The American system, like the French system, must be properly "played," but it is perfectly possible to get into a good school, if you have good test scores and grades, even if you come from a poor family and a third rate high school, and, further, if you fall off the tracks for a few years, it's possible--although hard--to recover and make up the difference later.
Further, the cost of excellent state schools is a complicated formula where all costs and benefits are not immediately apparent. For example, the University of Colorado, a huge state school with about 25,000 undergraduates, boasts several Nobel Laureates and has a broad range of leading programs. Cost for out-of-state students is about $32k per year (all inclusive), comparable to the cost of high-end private schools. The in-state cost is around $15k, which I know sounds outrageous to Europeans. However, this does not take into account grants, rebates, and special case situations that apply to many students. For example, there is an automatic state reimbursement of (I forget what, about $1000 a year) that everybody gets, and funding from the state College Opportunity Fund worth about $1400. You can get federal Pell grants for up to $4000 a year, FSEOG grants for up to $2000, CLEAP grants to $2000, and a bunch of others. You can get a full scholarship by signing up for the military via the ROTC program. Also, most churches give small scholarships to a few students, as do small businesses and parents' employers.

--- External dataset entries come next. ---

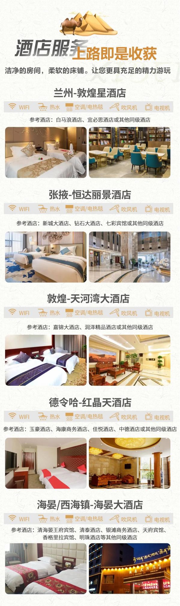 l 敦煌:天河灣大酒店、嘉錦大酒店、潤澤精品酒店或同級
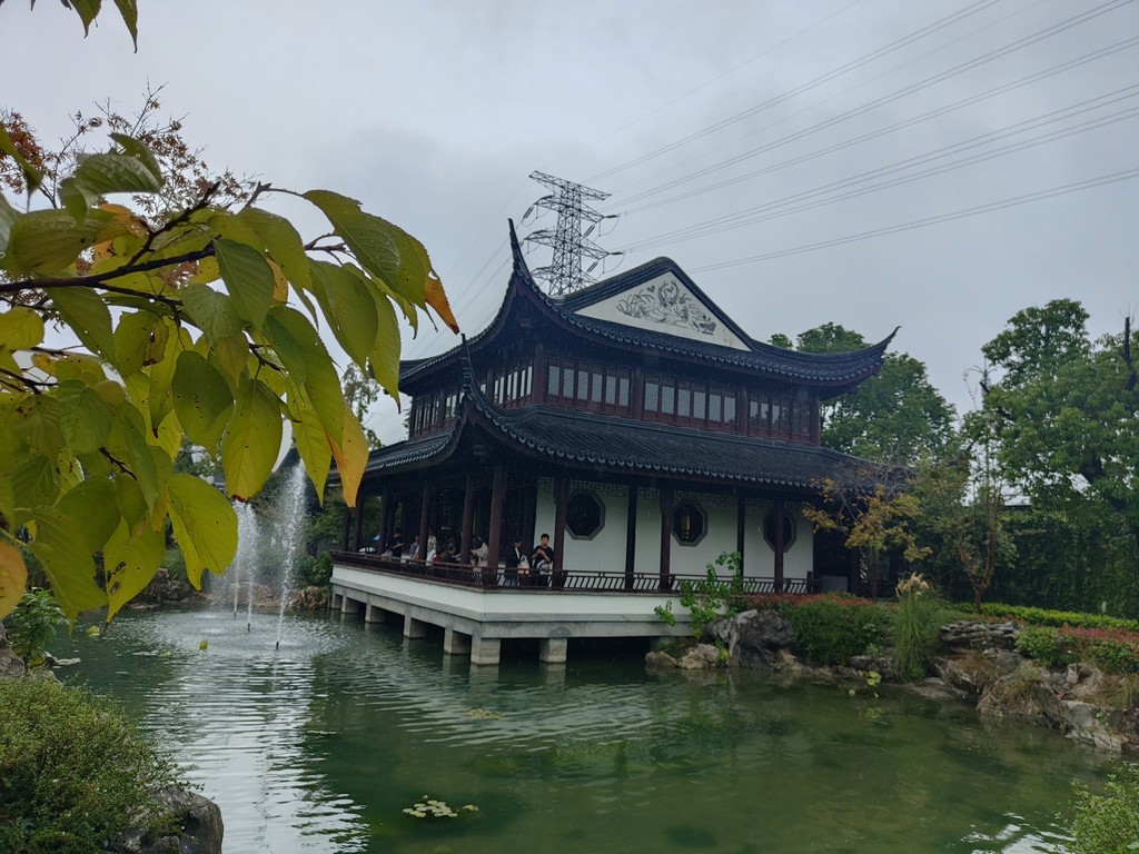 水榭规模居然并不小,但这里已经人满为患。北方的游客尤其稀罕这些景致,江南古典园林的布局,居然不用下高速就能够体会到,还有比这更贴心的设计吗?人们指指点点,诉说着园林里各种建筑。池塘四周植被茂盛,溪石驳岸,一旁还有一片坡地,虽然不甚高,但也让地形有了高低起伏之美。
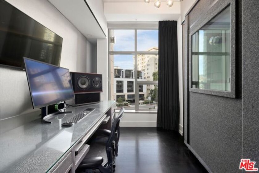 Residence 403 at The Carlyle offers a rare blend of privacy, design, and full-service luxury living within one of Los Angeles' most iconic buildings. Completely remodeled and offered fully furnished with custom pieces from Roche Bobois and Visionnaire, this residence is accessed by a private elevator foyer that opens directly into expansive living and dining spaces with nearly eleven-foot ceilings, rich wood flooring, custom built-ins, and a striking onyx fireplace. The chef's kitchen features Sub-Zero and Miele appliances, a dedicated espresso station, and a Snaidero design highlighted by a dramatic Panda marble waterfall island. The primary suite is designed as a private retreat with an oversized custom walk-in closet and a spa-inspired bath showcasing an Unbescheiden soaking tub imported from Germany, sculptural stone surfaces, TOTO toilets, and Swarovski crystal fixtures. Additional highlights include a private salon and wellness suite with infrared and traditional saunas, advanced European spa technologies, and a fully soundproofed professional recording and production studio. The residence is equipped with a fully integrated smart home system, surround sound, and security. Building amenities include 24-hour concierge and valet, a residents' lounge by Fendi Casa, a fitness center with Pilates reformer, a temperature-controlled wine cellar with private lockers and dining room, a landscaped outdoor terrace with pool and spa, and dedicated on-site staff. Ideally located along the Wilshire Corridor near UCLA, Beverly Hills, Bel Air, and Santa Monica.
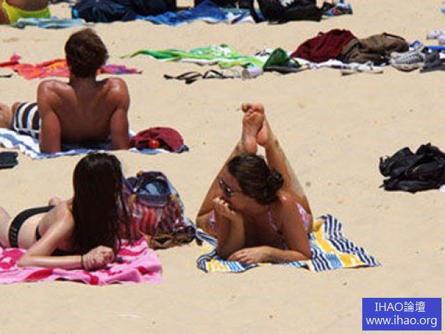 即使是邦迪海灘一天中最熱的時間——下午一點鐘,甚至氣溫高達攝氏38度,但海灘依然人山人海,老外們絲毫不懼怕強烈的陽光,躺在白色細軟的沙灘上,享受美麗的陽光,海邊沙灘比基尼美女如雲,令人目不暇接。

In addition, the state school systems have a broad range of opportunities. In Colorado (which is not unique) there is the very highly rated School of Mines, the excellent Colorado State University, a number of smaller four year schools like Western State, for example, plus extension schools located at remote sites (e.g. CSU has a small campus in Pueblo, 200 miles from the main campus). Also there are two year schools that allow kids who didn't quite make the honor roll in High School to take basic classes that are 100% transferrable to the regular colleges, at a fraction of the cost. Pikes Peak Community College in Colorado Springs, for example, costs about $200 per credit hour (16 hours being a typical full course load).
So the bottom line is that there are some kids who come out with huge loans, but plenty of others don't, or have only small loans.
In some disciplines, yes, there is no excuse for paying for a PhD. (These include subjects where you won't earn enough money afterward to pay back loans anyway.) In others, you incur lots of debt. Sometimes it's a combination.
My sisters and I are good examples. We went to different grad schools in different subjects. I paid almost all of my grad school expenses through loans, one sister got funding for about half of hers, and the other was completely funded and paid nothing. Each situation was normal for our respective fields of study at the time.
And yes, there is dramatically less funding available for foreign students, at least from the universities and programs themselves.
In my grad program, most of our international students were funded by the US government, oddly, which had several programs set up for students from "emerging democracies." Thus we had students from Eritrea, Albania, Azerbaijan and Hungary, but none from France, the UK or Germany. (We also had students from India, Tawian and South Korea, but their funding was different.)